• AIM OF THE EXERCISE:
Return the data below exactly as given, except for the images.

• INFORMATION PROVIDED:
┄┄┄┄┄┄┄┄┄┄
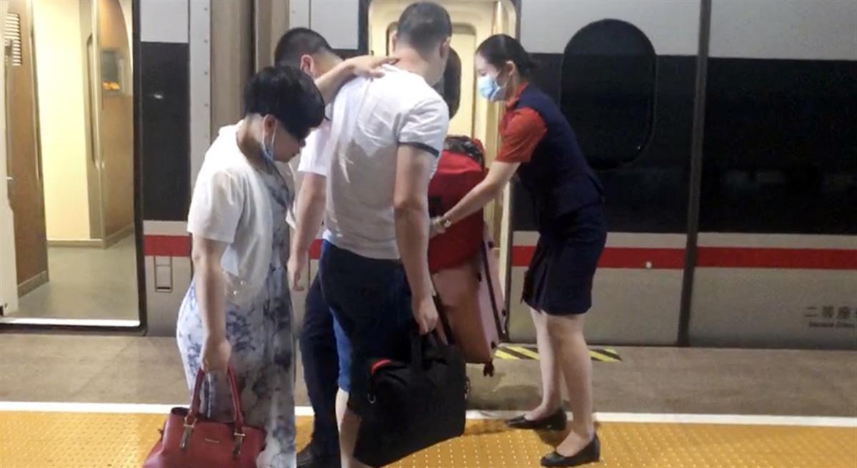 9时32分,列车驶出站台。列车长熊婧和列车员张思巧第一时间找到两位旅客,给他们送去矿泉水,询问需求。肖先生说他和爱人是去上海就医的,也是第一次坐这么远的车,有点紧张。熊婧安慰道:“您放心,我们已经提前给您联系好了上海虹桥站,到站会有人来引导您,途中有停站不要下车,有什么需求您随时告知我们,列车比较晃动如果您要去洗手间就联系列车员,她会帮助您。”列车行进途中,列车员张思巧特别留意这对盲人夫妇,帮助他们点餐送餐、上卫生间,并第一时间响应他们各种需求。
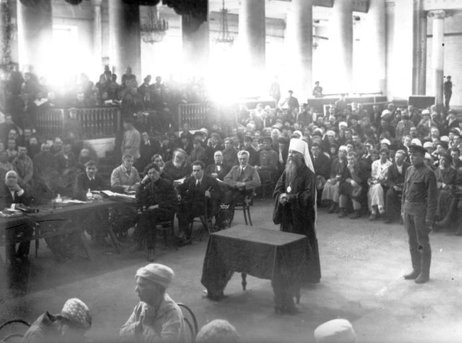 Как известно, большевики были ярыми противниками церкви и вели курс на атеизм. По этой причине в стране было снесено или перестроено большое количество религиозных построек и убито множество церковнослужителей. Считается, что здесь, в лесу за Пороховыми, примыкающем к Ириновской железной дороге, был погребен расстрелянный в 1922 г. митрополит Петроградский Вениамин (Казанский), архимандрит Сергий (Шеин), профессор кафедры уголовного права Петроградского университета Ю.П. Новицкий и юрисконсульт Александро-Невской лавры И.М. Ковшаров.
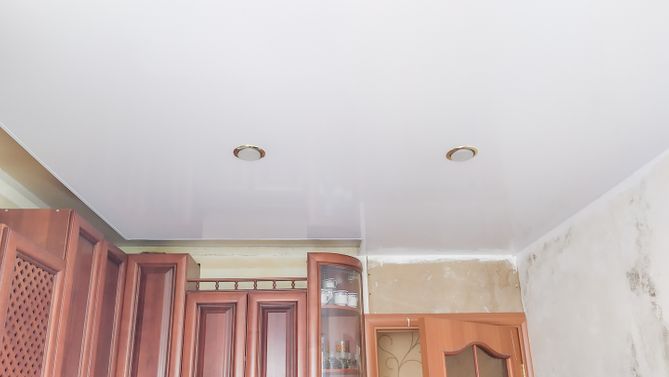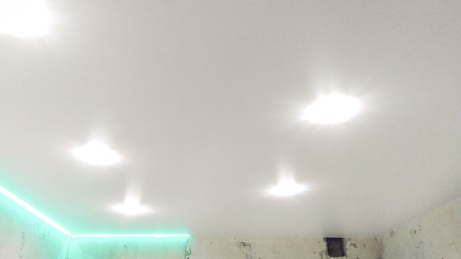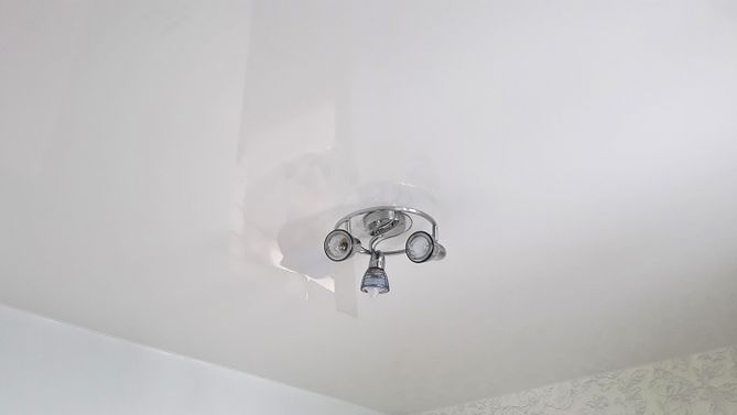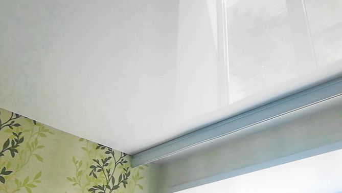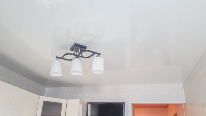 Бесшовный глянцевый натяжной потолок на кухню 6,2 м2
┄┄┄┄┄┄┄┄┄┄
• REPLY:
 9时32分,列车驶出站台。列车长熊婧和列车员张思巧第一时间找到两位旅客,给他们送去矿泉水,询问需求。肖先生说他和爱人是去上海就医的,也是第一次坐这么远的车,有点紧张。熊婧安慰道:“您放心,我们已经提前给您联系好了上海虹桥站,到站会有人来引导您,途中有停站不要下车,有什么需求您随时告知我们,列车比较晃动如果您要去洗手间就联系列车员,她会帮助您。”列车行进途中,列车员张思巧特别留意这对盲人夫妇,帮助他们点餐送餐、上卫生间,并第一时间响应他们各种需求。
 Как известно, большевики были ярыми противниками церкви и вели курс на атеизм. По этой причине в стране было снесено или перестроено большое количество религиозных построек и убито множество церковнослужителей. Считается, что здесь, в лесу за Пороховыми, примыкающем к Ириновской железной дороге, был погребен расстрелянный в 1922 г. митрополит Петроградский Вениамин (Казанский), архимандрит Сергий (Шеин), профессор кафедры уголовного права Петроградского университета Ю.П. Новицкий и юрисконсульт Александро-Невской лавры И.М. Ковшаров.
 Бесшовный глянцевый натяжной потолок на кухню 6,2 м2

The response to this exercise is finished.